Write your first skill from scratch
Read the field note below to see how we apply this pattern in real Claude Code projects.
Day 7: Write your first skill from scratch
A skill is just a reusable operating procedure in markdown. The value is consistency, not complexity.
What we tried
We took one repetitive engineering task (reviewing API contract changes) and encoded it as a simple skill with:
- clear inputs
- deterministic steps
- explicit output format
What happened
The first draft was too broad. After we narrowed it to one job and one output shape, it became reliably useful across repos.
What we learned
- One skill should solve one recurring task.
- Constraints improve output quality more than long instructions.

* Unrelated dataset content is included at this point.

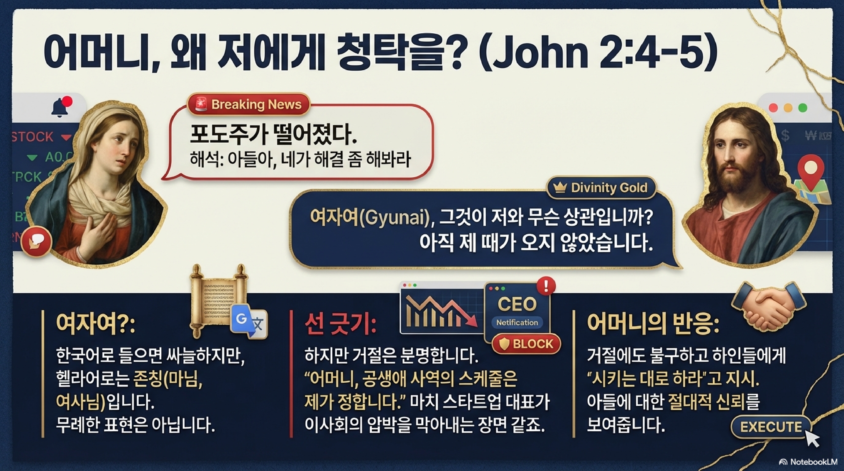 첫 번째 사건은 갈릴리 가나의 한 결혼식장에서 터진 포도주 품절 사태입니다. 잔칫집에서 술이 끊겼다? 이건 요즘으로 치면 스타트업이 서비스 런칭 당일 펀딩 자금이 바닥난 것과 다름없는 파산 위기입니다. 이때 어머니 마리아가 도움을 요청하니까 예수님 반응이 좀 까칠합니다. 여자여, 그것이 나와 무슨 상관입니까? 내 때가 아직 오지 않았습니다. 선을 확 그어버리시죠. 슈카식으로 해석하자면, 공식 로드맵에 없는 일정이라 리소스 투입 못 하겠다는 단호한 거절입니다.

- Include an output template so results are easy to consume in PRs.
Next
- Day 8 — Autonomous browser QA with browser-use.
Quick answers
What do I get from this cable?
You get a dated field note that explains how we handle this skill-authoring workflow in real Claude Code projects.
How much time should I budget?
Typical effort is 16 min. The cable is marked beginner.
How do I install the artifact?
This cable is guidance-only and does not ship an installable artifact.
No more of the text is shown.